First published on the Earth Institute and Lamont-Doherty web sites on March 30, 2011.

The Great Japan Earthquake: Where Did Scientists Go Wrong? from Earth Institute on Vimeo.

In the two and a half weeks since a massive earthquake struck Japan, scientists from the Lamont-Doherty Earth Observatory have been immersed in both studying the quake, and reaching out to the media and other organizations to explain what happened. Other Earth Institute experts have added their voices to the public conversation about natural hazards, preparedness and nuclear power.

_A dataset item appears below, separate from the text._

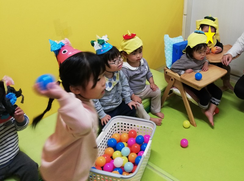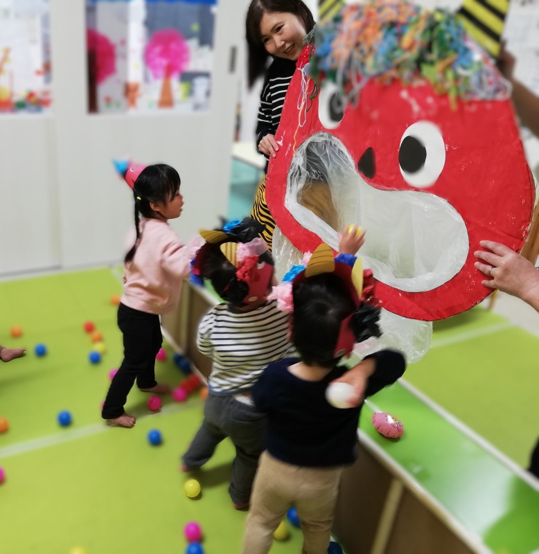 カラーボールを投げて”自分たちのお腹の中にいる鬼”を
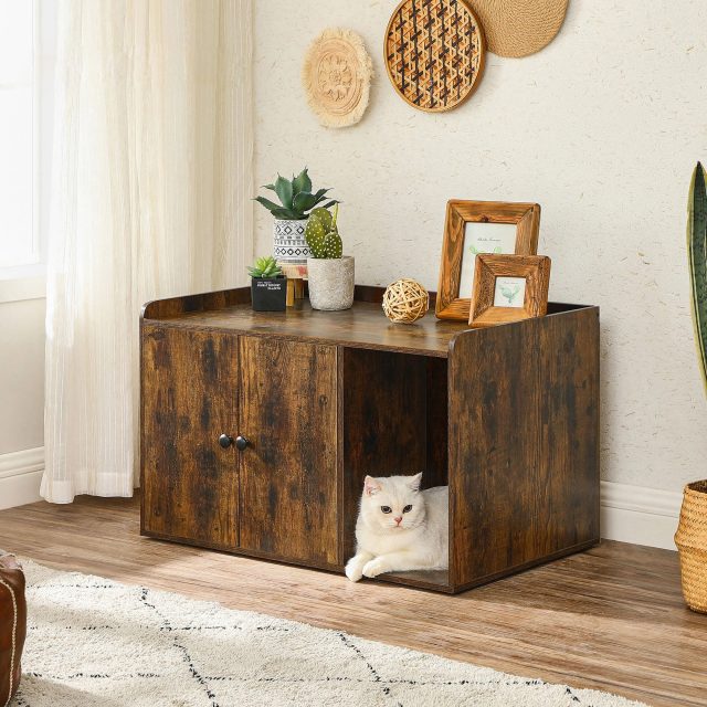 Say goodbye to unsightly litter boxes and hello to a sleek, modern solution that blends effortlessly into your home. This chic litter box enclosure turns your cat’s washroom into a stylish, hidden space that complements your home decor. With its rustic finish, it’s a perfect match for any interior style, offering both practicality and aesthetic appeal. Whether placed in the living room, bathroom, or hallway, this clever piece of furniture provides a functional solution without compromising on style.

Can we ever be prepared enough for such events? The Japanese were as experienced as any people on the planet when it comes to dealing with earthquakes. Yet they were caught off-guard by a once-in-a-thousand-year event. In a matter of hours, that same event washed ashore on the U.S. West Coast, a relatively minor reminder that we, too, may not always be ready when the power of natural forces takes charge.
The jolt in Japan stunned even scientists who’ve studied earthquakes all their lives. Chris Scholz, a Lamont-Doherty Earth Observatory professor with decades of experience looking at how earthquakes work, said he had thought a 9.0 magnitude quake like the one that struck near Sendai, Japan, was “impossible” in that area (see video). But it turns out the last comparable earthquake shook the same region in the year 869 and pushed a tsunami miles into the interior. Scientists were humbled by the realization that they simply had not looked back far enough to gauge the probability of such a huge event.